Как ни отговаривала его тетушка, он настоял на своем: дождался санного пути и сам повез сына в Петербург… «Должно быть, такая была моя судьба», — вздохнул Арапов, вспомнив былое на этой чужой, нерусской земле.
Сенявин время от времени тоже вздыхал.
У него были свои заботы. Трудно было догадаться, о чем он думал в эти минуты — может, как и Арапов, вспомнил прошлое или беспокоился о семье, оставшейся в Ревеле, а может, его все еще угнетала мысль о несчастной судьбе населения Корфу и других Ионических островов, о той тяжкой роли, которая выпала на его долю. Нет, не пожелал бы он, Арапов, быть сейчас на его месте.
— Пошли ужинать, — круто повернул домой Сенявин. — Завтра предстоит трудный день.
Встреча с представителями Республики Семи Островов намечалась вначале на полдень, но потом была перенесена на два часа пополудни, так как не все сенаторы собрались к указанному сроку. Арапов в это время дежурил в приемной командующего и не мог видеть, как проходила встреча, не слышал, о чем там говорили, но он обратил внимание, какими возбужденными, даже гневными выскакивали из адмиральской комнаты сенаторы после совещания. Один сенатор выбежал таким разъяренным, что буквально вырвал из рук Арапова свою шляпу, которую тот хотел ему подать, и при этом так сверкнул на него глазами, что ему стало не по себе.

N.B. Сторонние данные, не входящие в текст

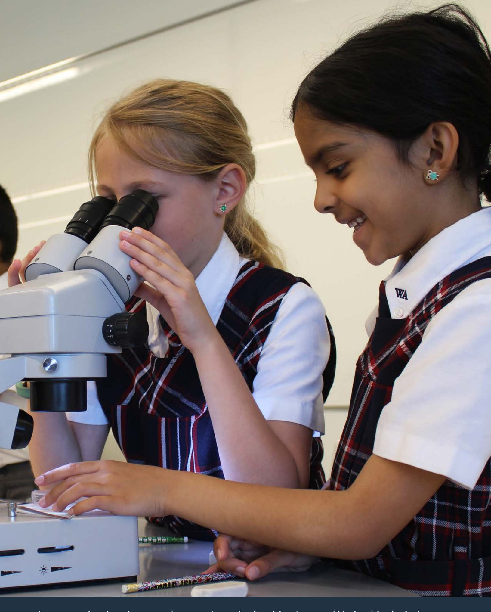
Elementary students have the opportunity to experience a hands-on lab assignment within the High School Science Centre
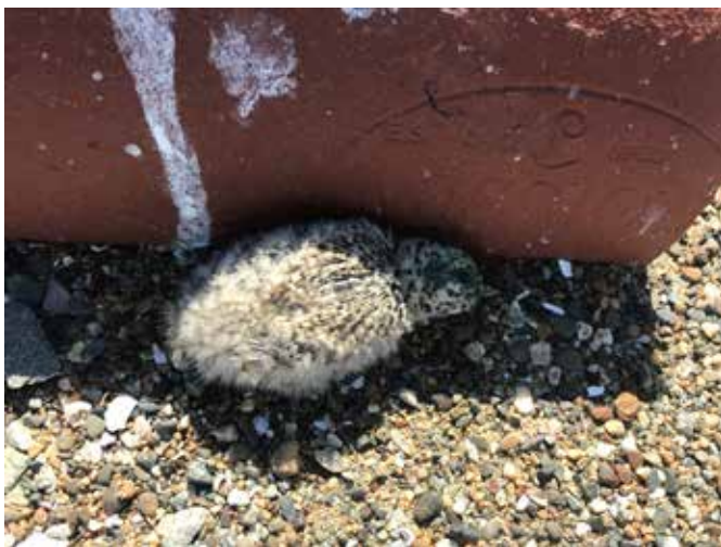
Week-old Least Tern chick

Since we began our surveys in the middle of the breeding season, we discovered so many nests and chicks on our first day that we could not finish surveying the entire 9.7-acre nesting site after 7 long hours. There already were 99 chicks of all ages and 3 predated eggs on the ground. In order to discern how many nests, they represented, we applied same average clutch size (1.9 eggs/nest) as those nests we marked from June 16 to season's end.
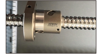
Ball Screw Movement
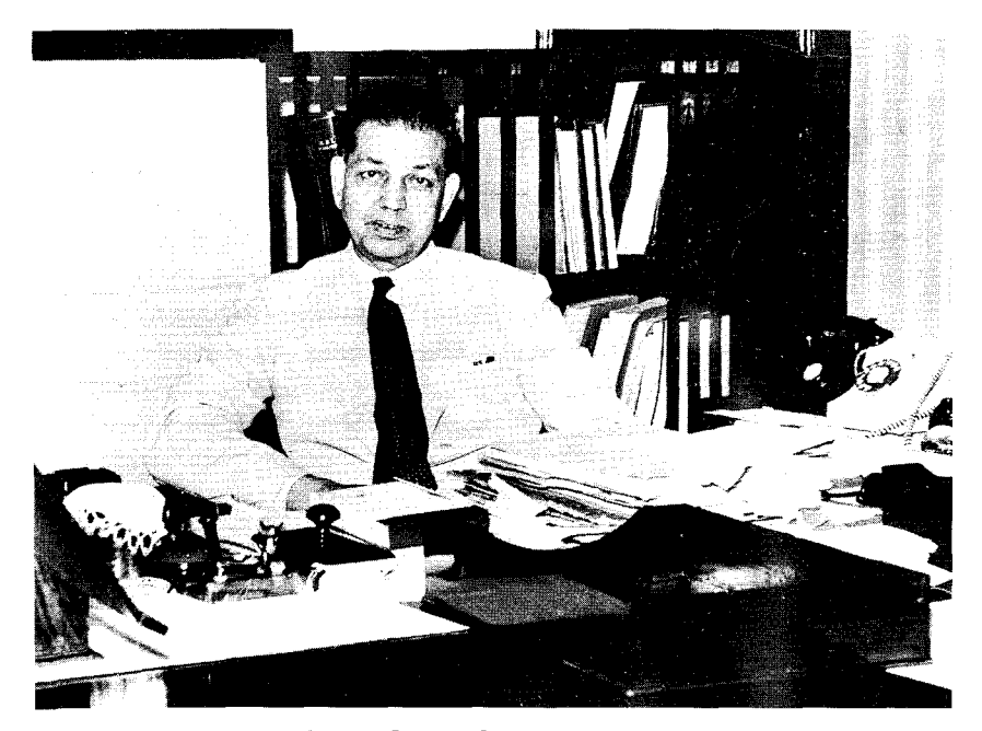
H.V.R. Iengar, Governor, 1957-62

In the event, this policy could not be sustained. As we note in greater detail below, the Bank had begun selectively raising the cost of credit in some segments of the market even from November 1956. As wholesale prices rose nearly 14 per cent through 1956–57, the Bank reverted in July 1957 to the open-market stance it had adopted since November 1951 and up to October 1956. This reversal followed on the heels of an increase in the Bank rate from 3.5 per cent to 4 per cent on 16 May 1957. Alongside putting up the rate, the Bank also recommended a reduction in the stamp duty on usance bills from half a per cent to one-fifth of one per cent.
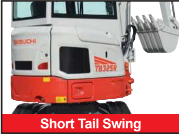
Short Tail Swing
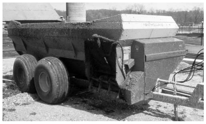
Figure 3. This side-discharge, hopper-type spreader can be used for solid and semisolid manure.

После совещания Сенявин никого не принимал. Обедал один. Арапов осмелился зайти к нему только вечером — надо было доложить о передаче дежурства другому офицеру. Сенявин сидел за столом в глубокой задумчивости, погрузив лицо в ладони.
— Ах, это вы!.. — очнулся он, услышав шаги Арапова. — С чем пришли?
Арапов доложил о дежурстве и спросил, не прикажет ли его превосходительство принести свечи?
— Да, да, пусть принесут, — услышал он ответ.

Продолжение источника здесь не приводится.